Not attending the Summit?  Here’s some helpful information.

Lessons Learned
Over and over, care partners report similar experiences about the challenges they face in helping their care recipient. Because of the progressive, degenerative nature of Parkinson’s, a care partner is challenged to know what degree of support their care recipient needs at any given time. It is important that a person with Parkinson’s is able to speak for themselves and manage their own life for as long as possible; however, the care partner is a key member of the team. The relationship is sometimes described as one that begins as ‘partner’ and evolves into ’care provider.”

Care partners, here
are a few practical steps for you to follow:

  1. Be an active member of the team: attend medical appointments and be involved in every decision about your care recipient’s treatment. Research shows that people with actively involved care partners tend to do better.
  2. Ask questions until you understand the answer: Parkinson’s is a complex, neurodegenerative disorder. There is a lot to understand. Don’t hesitate to ask questions until you feel comfortable that you and the person you care for fully understands the answer—this includes information about medication (what it is for, side effects, when to take it, and things to avoid).
  3. Keep your care recipient honest: people tend to leave out important pieces of information when speaking with their doctor/neurologist either due to embarrassment or they simply think it doesn’t matter. It is very important that care partners encourage their loved ones to tell their doctor everything including symptoms, changes in behaviour, other medications or supplements.
  4. Speak up for the person you care for: sometimes people with Parkinson’s simply cannot communicate for themselves so care partners must speak up for them.
  5. Know what hospitals and/or care facilities have expertise with Parkinson’s disease: lack of Parkinson’s education is the primary complaint that Canadians with Parkinson’s and their care partners have reported about interactions with healthcare professionals coast-to-coast.

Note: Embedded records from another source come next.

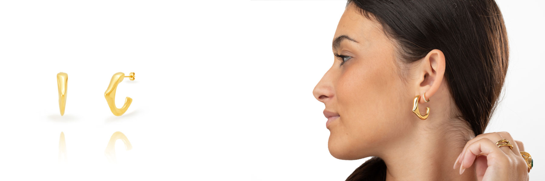 Aro Pendientes – Dreifaches Dreieck – Circonita 55 mm – Gold und Plata Rodiada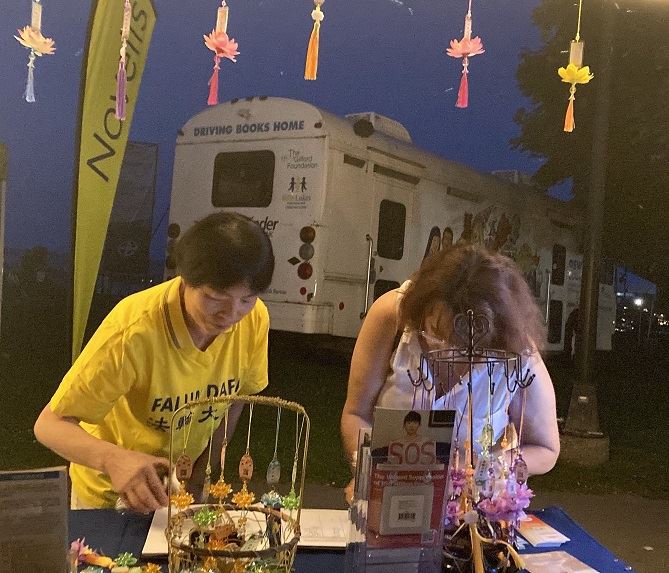 Jedna je praktikantica s posjetitljkom podijelila iskustvo kako je postala zdrava kroz prakticiranje Falun Dafa, ali je bila mučena u Kini jer je odbila da se odrekne svoje vjere. Praktikantica je dirnula ženu objašnjavajući joj da želi pomoći svojim kolegama praktikantima u Kini i ona je kasnije potpisala peticiju. Zagrlila je praktikanticu kako bi joj pokazala podršku.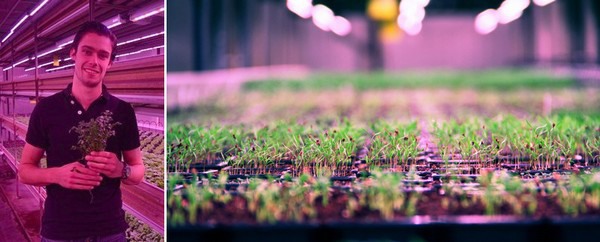 The room is illuminated with violet-colored LED bulbs, and the containers holding the herbs are stacked, one atop the other. This can clearly be considered vertical farming. This concept is gaining increasing popularity among farmers - especially those who grow herbs, leafy and micro vegetables, and edible flowers.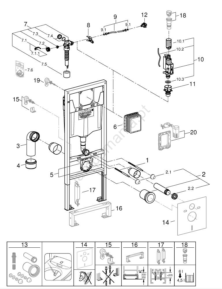 • A tecnologia GROHE Whisper reduz a transmissão de ruído para divisões adjacentes durante a descarga.

If you have the opportunity, choose a facility that understands how to best care for someone with Parkinson’s disease.
  6. Get to know the nurses: whether in hospital, a care facility or at the movement disorder clinic, get to know the nurse(s) who will provide care. If necessary, explain the importance of administering medications on time and act as a Parkinson’s resource for them—your efforts will not only benefit your care recipient, but also every person with Parkinson’s who needs care in the future.
  7. Take the opportunity to educate others: whether in a hospital, walking down the street or sitting in a restaurant, chances are that some aspect of Parkinson’s will draw the attention of others to your care recipient. Make the most of the situation by explaining what is happening and letting others know how they can help.
  8. Become an expert about supports and services: find out what kind of support is available in your community and what the criteria for qualification are (home care, disability, CPP, tax credits, and organizations like Parkinson Canada).
  9. Befriend another care partner: having someone who understands your situation can be helpful. Over 240 Parkinson support groups operate in Canada—simply contact your Parkinson Canada local office to find the group best suited to you.